We cannot rely on politics to solve the problem – all of the major parties are in league with big business and all support fracking whilst paying lip service to climate change mitigation efforts. Only the Green Party seems to have any kind of coherent, if necessarily radical, energy policy for the medium and long term. And remember – there is no non-radical future option left open to us. Business as usual is unsustainable, in the literal sense of the term. Its shelf-life is nearly up. The “do nothing” option will not lead to more of the same.
So we are left with the only course of action available to us – taking personal responsibility for everything that we do. We can work towards a more sustainable way of life, individually and within our communities. We can vote with our money, our time, our words and our deeds. We can rise above the paralysis of the false perception of powerlessness, that there is no difference that we can make, and collectively make that difference – not because we know we will succeed, but because it is the right thing to do.
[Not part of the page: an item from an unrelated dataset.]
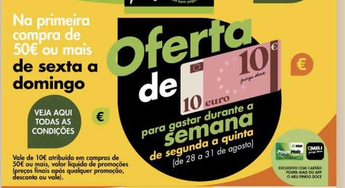 Apenas este Fim de Semana – Não perca a oferta Pingo Doce 10€ de oferta numa primeira compra de valor igual ou superior a 50€.

Imperfect as we are, we can rise above the fault lines of class and neighbourhood, of nation and culture and take responsibility and pride in our status as world citizens, as members of the human race, on the only planet known to support life. We can shed our shroud of mindless consumerism, of worker drone demand machines which must be supplied at a profit for shareholders. We have the World Wide Web – the collective knowledge of all of humanity – at our fingertips. We are not helpless. We can start to really live as a species in harmony with ourselves and with our home planet – before we collectively die a death of our own making, taking most of the biosphere with us.
If we have the power to break paradise, then we sure as hell have the power to make it too.